What Causes a Heart Attack

The majority of heart attacks manifest as a result of Atherosclerosis. Atherosclerosis is a progressive accumulation of plaque in the walls of arteries. Over time this accumulation will cause hardening of the arterial walls which will correspondingly narrow the space available for blood flow through the arteries. Subsequently the blood flow will be restricted as the disease progresses. This will ultimately lead to the reduced functioning of the organ that is affected and the circulatory system in general. If atherosclerosis materializes in the legs the decrease in blood flow will inevitably cause pain in the legs when walking or exercising, leg ulcers, or a noticeable decrease in the ability for wounds to heal in that area. If atherosclerosis occurs in the arteries that supply blood to the brain this may lead to vascular dementia which is mental degeneration as a result of continuous death of the brain tissue over a number of years. In some cases it may lead to a stroke.

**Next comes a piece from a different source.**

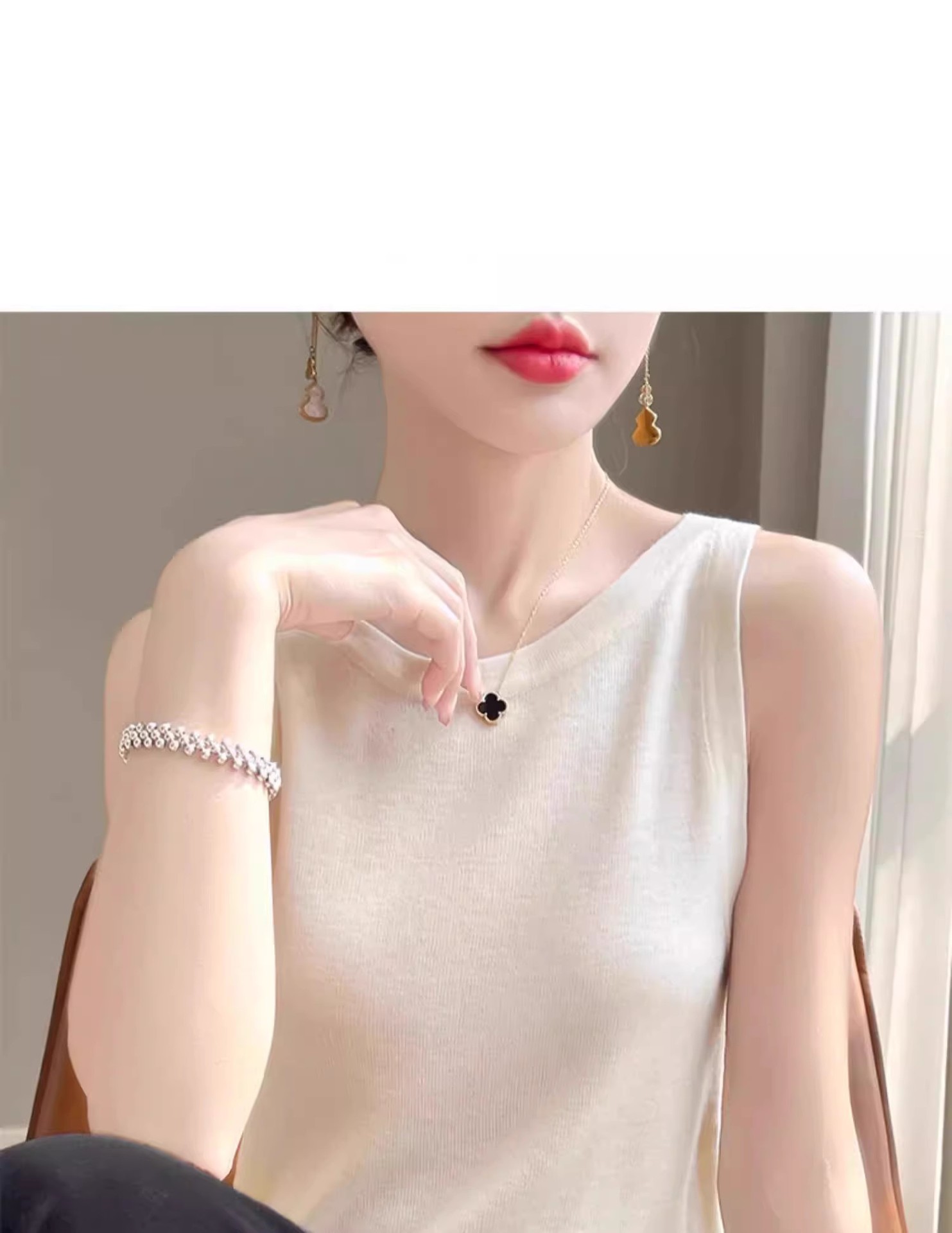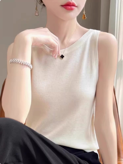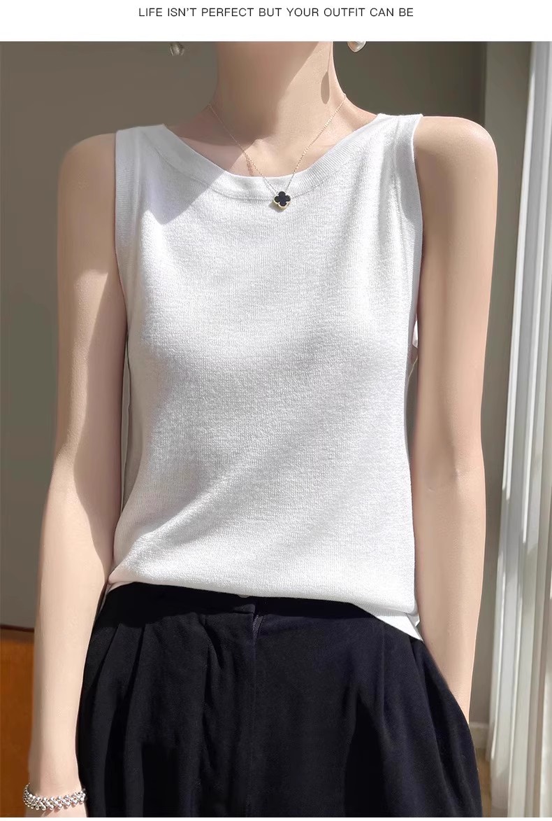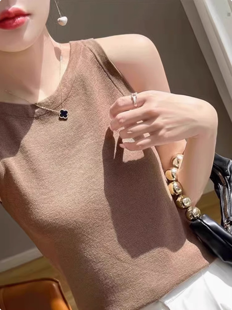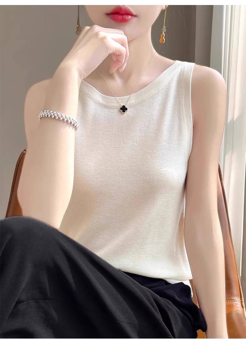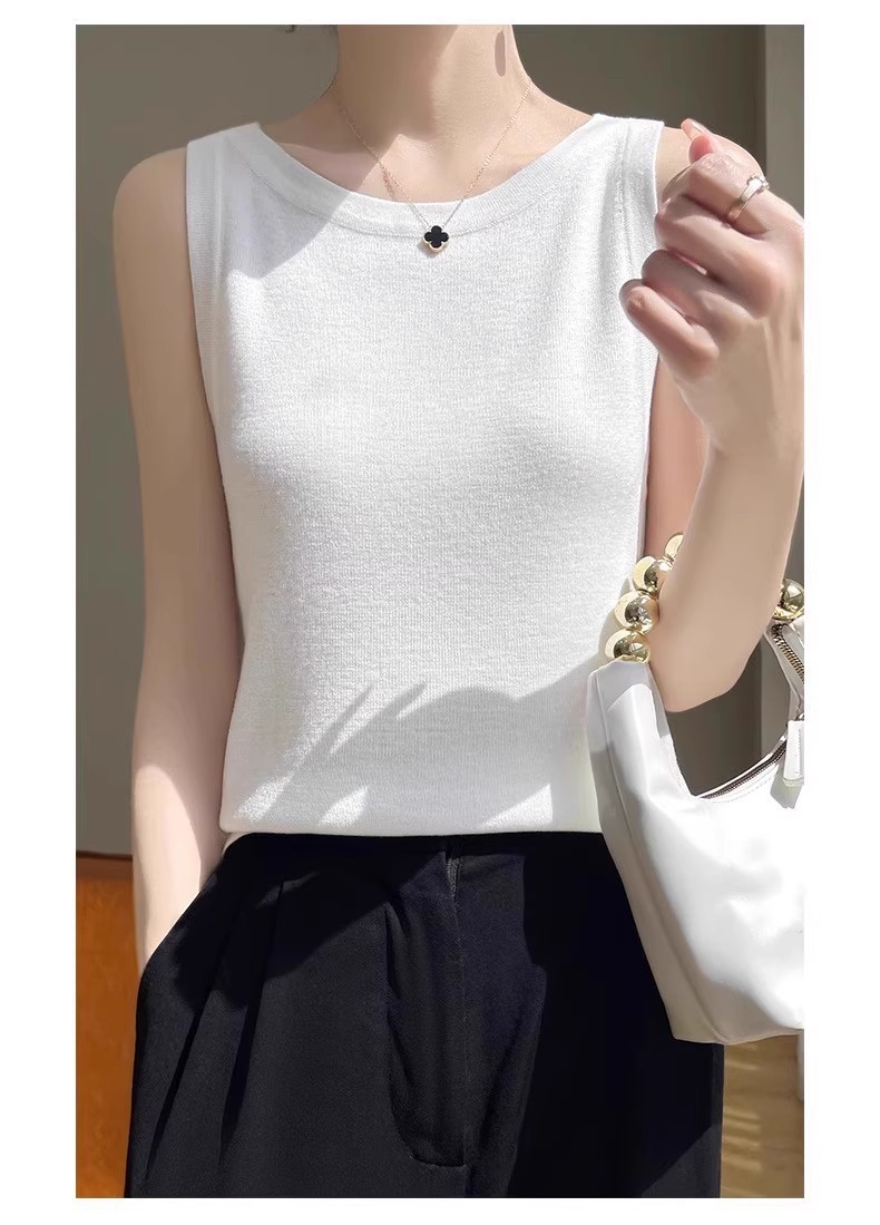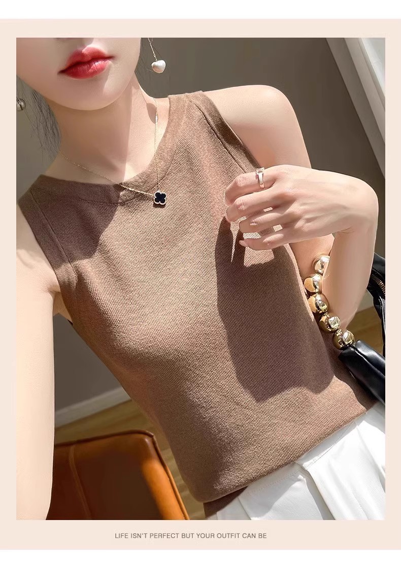 크루 넥 니트 카미 솔 여성용 내복 봄과 가을 스몰 사이즈 유방 커버 슬림 핏 민소매 기본 셔츠 세트 내복

In some individuals, atherosclerosis can be asymptomatic for a number of years. The condition can start as early as the teenage years, but the associated symptoms or health issues typically do not manifest until later in adulthood when the narrowing of the arteries have significantly worsened. Common risk factors such as smoking cigarettes, high blood pressure, elevated cholesterol, and diabetes mellitus can exacerbate atherosclerosis and cause the symptoms to appear sooner. Complications may occur, specifically in individuals who have a family history of early onset of atherosclerosis.
Coronary atherosclerosis or as it is commonly known coronary artery disease is specific to atherosclerosis that occurs within the arteries of the heart resulting in the hardening and narrowing of these arteries. Diseases that occur because of the reduced blood supply to the heart muscle from the presence of coronary atherosclerosis are considered coronary heart diseases or CHD. Coronary heart diseases will include heart attacks, cardiac arrest, chest pain or angina, irregular heart rhythms, and progressive heart failure as a result of the deterioration of the heart muscle.

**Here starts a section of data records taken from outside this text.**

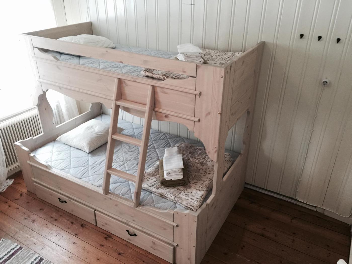 Quadruple Room with Shared Bathroom #5. Featuring scenic nature views over the Fuluälven stream, this room includes wooden floors and shared bathroom facilities. This room features 3 bunk beds that are 80 cm wide, while 1 bottom bunk bed is 120 cm wide. ;
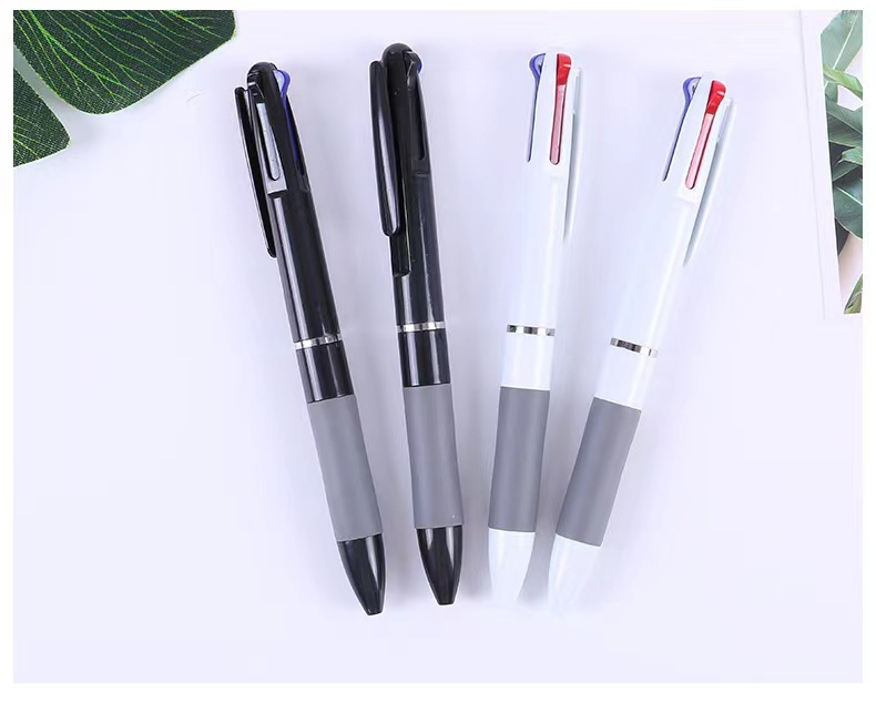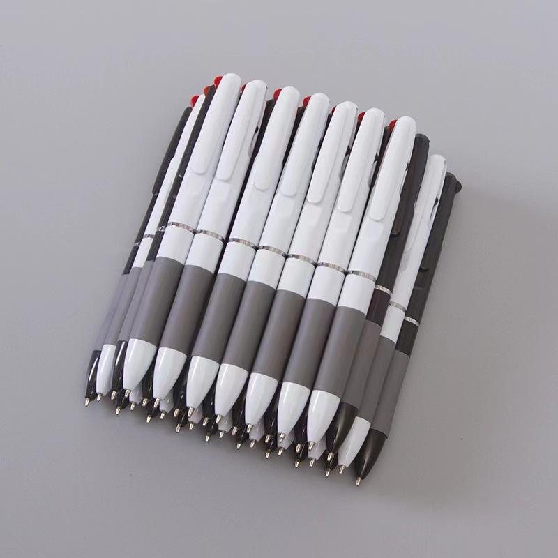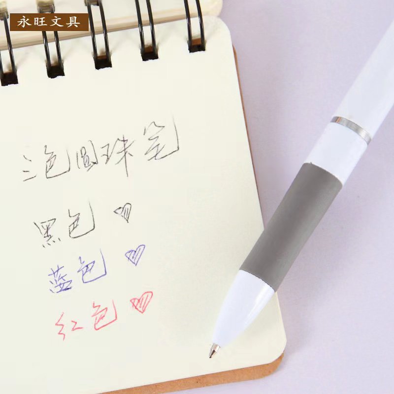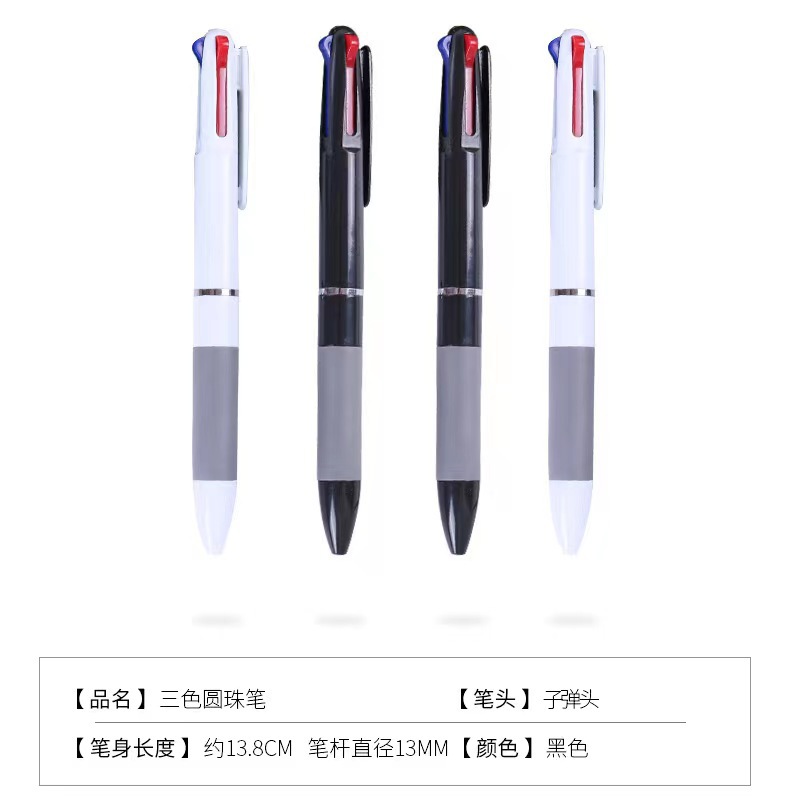 简约款三色圆珠笔高颜值按动笔学生办公书写签字红蓝黑色按压笔
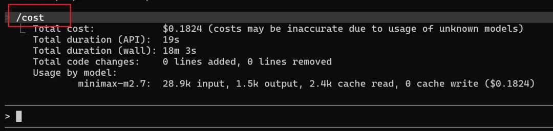 与之对应,如果对于成本监控有需求的读者可以通过**/cost**查看当前会话的消耗账单,如下图,各个字段分别对应:

Sometimes the surface of cholesterol plaque in the coronary artery may rupture, and form a blood clot. The clot will obstruct the flow of blood through the artery and cause a resultant heart attack. The exact reason for the unexpected rupture that develops into a clot is not known. However it is suggested that notable factors will possibly include cigarette smoking or other forms of nicotine exposure, elevated LDL cholesterol levels, higher than normal levels of blood catecholamines (adrenaline), hypertension, among others.

Heart muscle will die during a heart attack. This muscle loss will be permanent, if the blood flow is not restored quickly.

Although heart attacks can happen at any time, the majority of heart attacks will transpire between the hours of 4:00 A.M. and 10:00 A.M. This is thought to occur because of the higher blood levels of adrenaline released from the adrenal glands at this time of the morning. The increase in adrenaline levels are often associated with rupture of the cholesterol plaques.
An estimated 50% of patients who experience heart attacks have some warning signs including angina from exertion or from resting before they are blighted by a heart attack. Unfortunately, these symptoms may be too subtle to be considered life threatening.

Therefore it is important to get medical attention for any symptoms of a probable heart attack including chest pain or angina pectoris, difficulty breathing, jaw pain, upper back pain and extreme tiredness. Prompt treatment of a heart attack may save your life.